"Improved “weather forecasts” for oceans hold hope for reducing devastation to fisheries and ecosystems around the world"
"In the summer of 2015, Laurie Weitkamp was walking on the beach near her coastal Oregon home when she saw something strange: The water was purple. A colony of tunicates, squishy cylindrical critters that rarely come to shore, had congregated in a swarm so thick that you could scoop them out of the water with your hand. “I’d never seen anything like it,” she says.

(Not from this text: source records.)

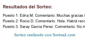 Lista de participantes: Sorteo realizado entre 60 comentarios..
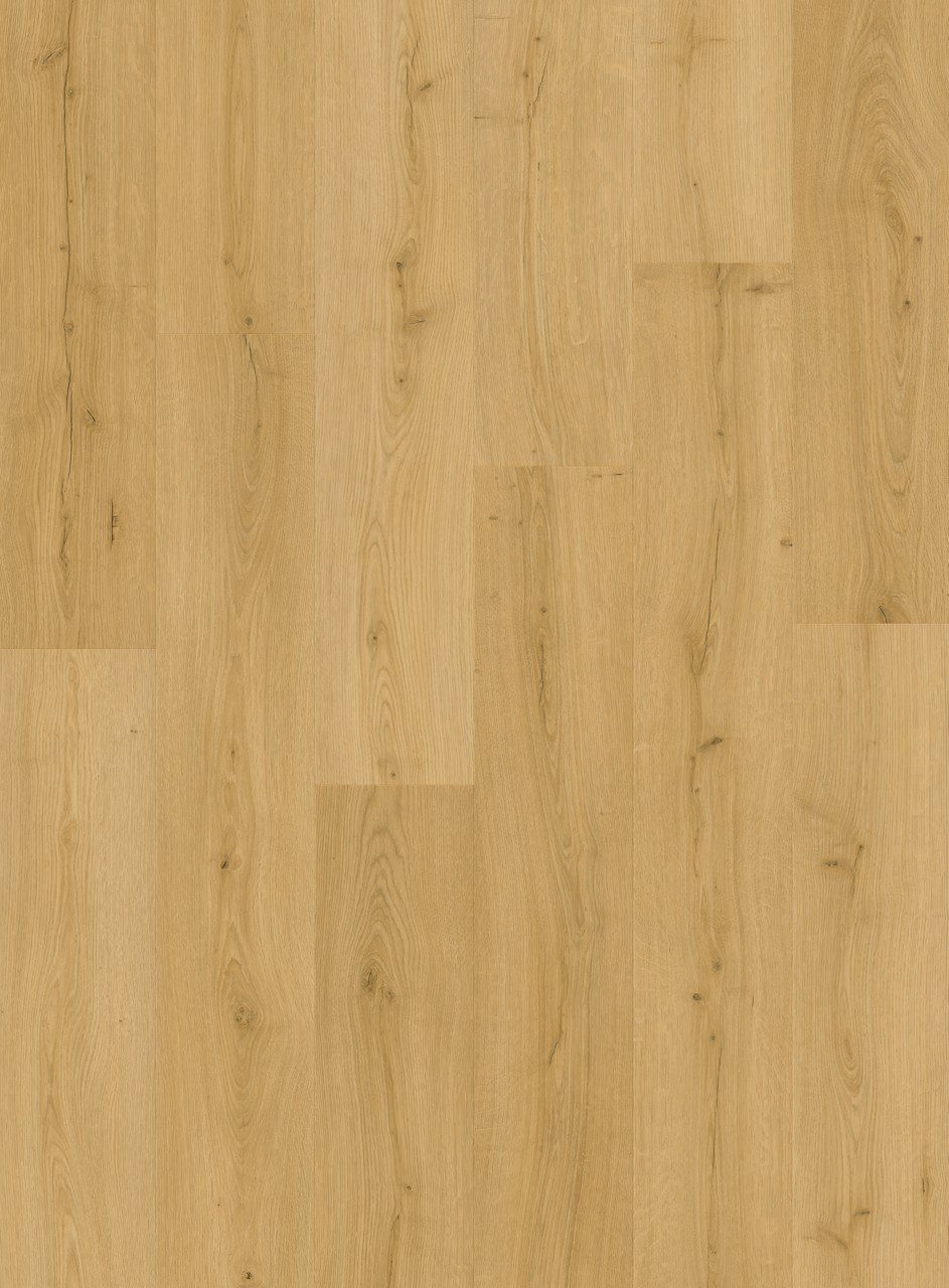 • Vinyylilattia Quick Step Bloom Brushed Oak Honey, lämmin hunajainen tammen sävy ja harjattu tammikuviointi.
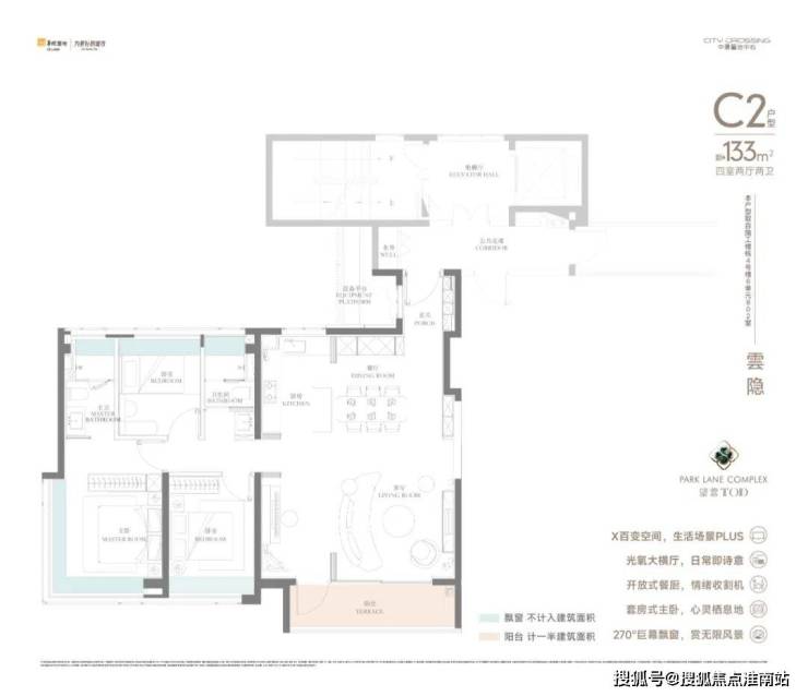 大尺度:四开间朝南+豪华主卧的约270°无柱转角飘窗+横跨客厅和次卧的宽面阳台,整个户型的尺度感拉满。
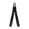 Szczęki dzielą się na trzy sekcje o różnym przeznaczeniu - osadzony w głębi przecinak do drutu, umieszczone centralnie kombinerki do śrub oraz przeznaczone do precyzyjnych prac zakończenie z zazębiającym się teksturowaniem. Dwa ostrza - gładkie i ząbkowane, ukryte w lewym ramieniu toola, pozwalają na szybki dostęp jedną ręką, bez konieczności rozkładania całej konstrukcji. Dzięki zastosowaniu klapek osłaniających dodatkowe narzędzia ukryte w ramionach, chwyt pozostaje niezwykle wygodny, co docenimy podczas cięższych prac.
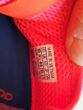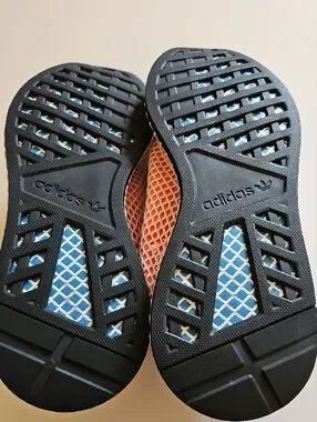 Lightweight Adidas mesh sneakers in coral and white. Breathable upper with cushioned support. Lace-up design for a secure fit. Good used condition with minimal wear. slight discoloration from use. The bottoms of the shows show no signs of wear and minimal inside wear. Size 10 Men's. A Great pair of lightly used running shoes.
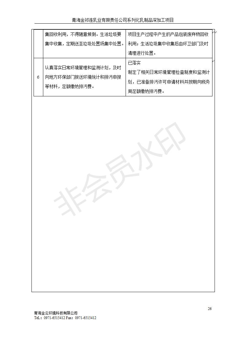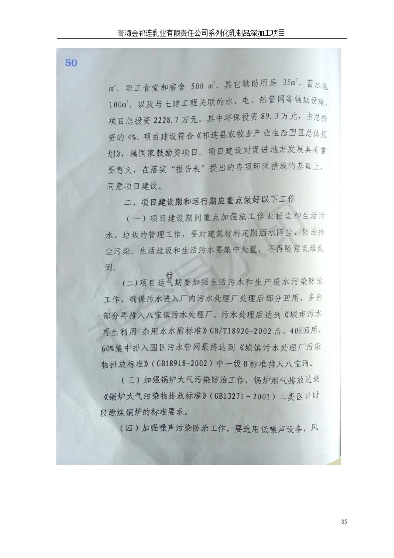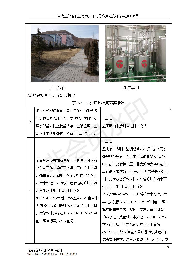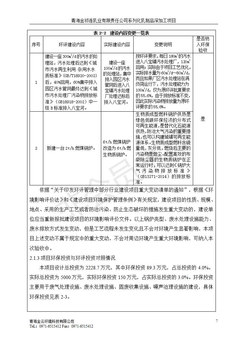 根據(jù)中華人民共和國(guó)國(guó)務(wù)院令第682號(hào)《國(guó)務(wù)院關(guān)于修改〈建設(shè)項(xiàng)目環(huán)境保護(hù)管理?xiàng)l例〉的決定》和《建設(shè)項(xiàng)目竣工環(huán)境保護(hù)驗(yàn)收暫行辦法》(國(guó)務(wù)院令682號(hào)),青海金祁連乳業(yè)有限責(zé)任公司系列化乳制品深加工項(xiàng)目(包括竣工環(huán)境保護(hù)驗(yàn)收監(jiān)測(cè)報(bào)告表和驗(yàn)收意見(jiàn))公示如下。 一、項(xiàng)目名稱:青海金祁連乳業(yè)有限責(zé)任公司系列化乳制品深加工項(xiàng)目 二、地點(diǎn):海北藏族自治州祁連縣冰溝農(nóng)牧產(chǎn)業(yè)化生態(tài)園區(qū) 三、建設(shè)單位:青海金祁連乳業(yè)有限責(zé)任公司 四、建設(shè)內(nèi)容:本項(xiàng)目新征工業(yè)用地40畝,新建生產(chǎn)車間2200 m2、采用多聯(lián)跨鋼結(jié)構(gòu)廠房,跨度為24米,長(zhǎng)度為80米,柱間距為6米,標(biāo)高為4.8米。廠房?jī)?nèi)部根據(jù)產(chǎn)品生產(chǎn)工藝及工序要求分為不同的工作區(qū)域和車間辦公室。建設(shè)有保鮮冷庫(kù)800 m2、普通倉(cāng)庫(kù)500m2、污水處理站房160 m2、鍋爐房和配電室159 m2、綜合辦公樓1200 m2、職工食堂和宿舍500 m2、其他輔助用房35 m2、蓄水池100 m2以及與土建工程相關(guān)聯(lián)的水、電、熱官網(wǎng)等輔助設(shè)施。 五、聯(lián)系人:張工 六、聯(lián)系電 話:0971-6515411 七、公示時(shí)間:二〇一九年七月十日至二〇一九年八月六日 公示期間,對(duì)上述公示內(nèi)容如有異議,請(qǐng)以書面形式反饋,個(gè)人須署真實(shí)姓名,單位須加蓋公章。
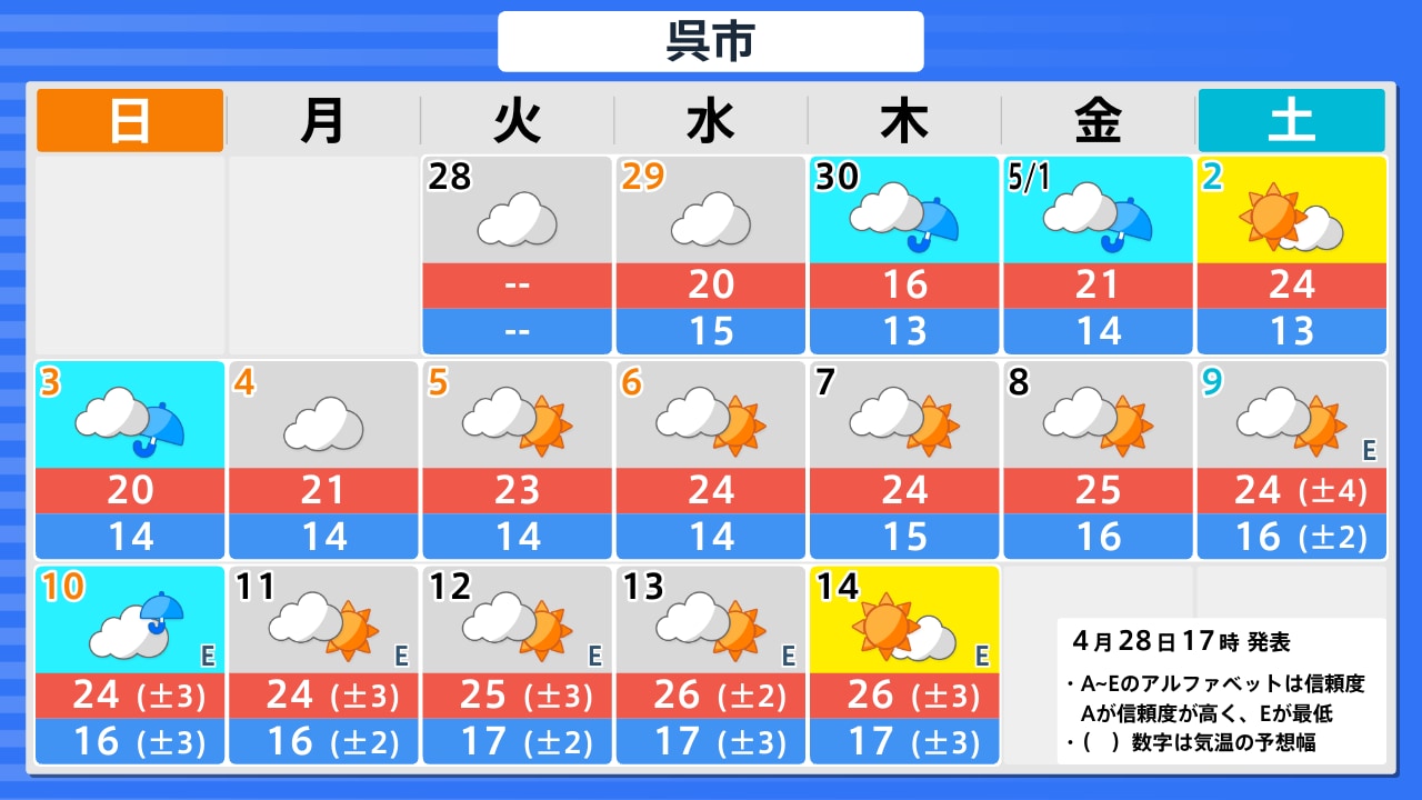 4月28日(火)の天気
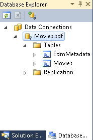 Double-click Movies.sdf to open Server Explorer. Then expand the Tables folder to see the tables that have been created in the database.
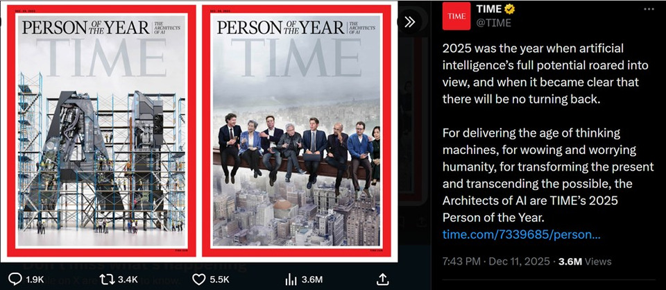เมื่อวันที่ 12 ธันวาคม 2568 นิตยสารไทม์ประกาศรางวัล บุคคลแห่งปี 2025 (Person of the Year 2025) โดยยกให้กลุ่ม “ผู้สร้างสรรค์ปัญญาประดิษฐ์” (Architects of AI) เป็นผู้ได้รับเลือก สะท้อนบทบาทสำคัญของเหล่านักพัฒนา นักวิจัย และผู้นำเทคโนโลยี AI ที่กำลังมีอิทธิพลต่ออนาคตของโลกในทุกมิติ
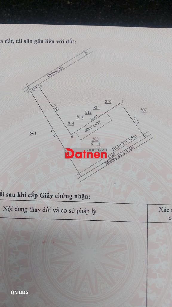 Dt : 611m² . ODT : 60m² ( diện tích thực tế 650m2 )
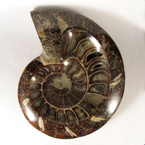 The center of this Ammonite fossil has been carved out creating a shallow dish! This awesome and unique dish has warm brown and yellow calcite. You can see intricate suture patterns on the sides and bottom of this dish. There is evven a couple open chambers with crystals inside!
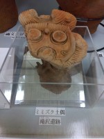 頭部の一部分ですが、かなり大きめのミミズク土偶が展示されています。手のひらくらいの大きさでしょうか?
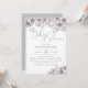 Um convite elegante e delicado ao chá de fraldas, com flores rosas e cinzas desenhadas à mão, com uma mistura de bela Caligrafia Script e tipografia clássica, ao contrário, encontra um fundo de cinza médio. Personalizar com campos de modelo fornecidos.
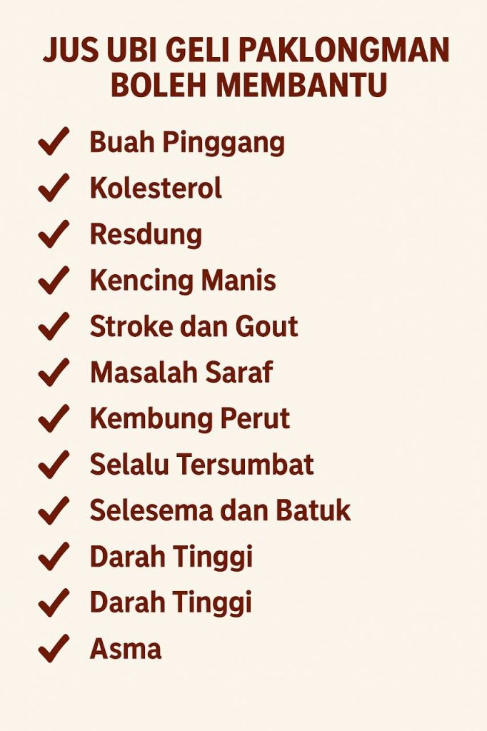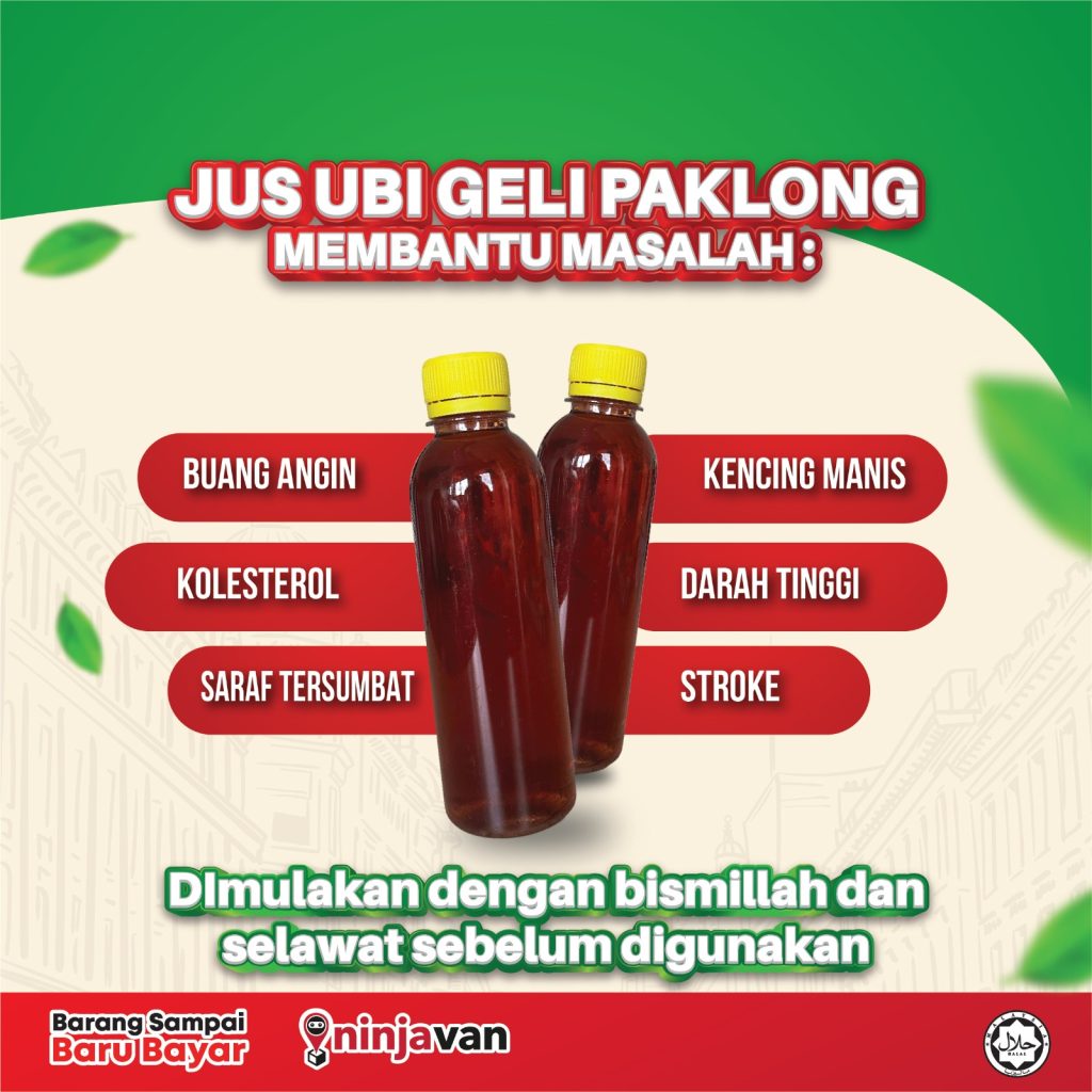 Jus Ubi Geli Paklongman dapat membantu masalah Buah Pinggang, Darah Tinggi, Asthma, Kencing Manis, Gout dan Sakit Sendi

Weitkamp, a research fisheries biologist with the Northwest Fisheries Science Center in Newport, Oregon, knew that something had been afoot in the northeast part of the Pacific Ocean since the fall of 2013, which was unusually sunny, warm and calm. A mass of warm water stretched from Mexico to Alaska and lingered through 2016, disrupting marine life. Tunicates weren’t the only creature affected; sea nettle jellyfish all but disappeared, while water jellyfish populations moved north to take their place, and young salmon starved to death out at sea, according to a report by Weitkamp and colleagues. Scientists dubbed this event “The Blob.”
Marine heat waves like The Blob have cropped up around the globe more and more often over the past few decades. Scientists expect climate change to make them even more common and long lasting, harming vulnerable aquatic species as well as human enterprises such as fishing that revolve around on ocean ecosystems. But there’s no reliable way to know when one is about to hit, which means that fishers and wildlife managers are left scrambling to reduce harm in real time."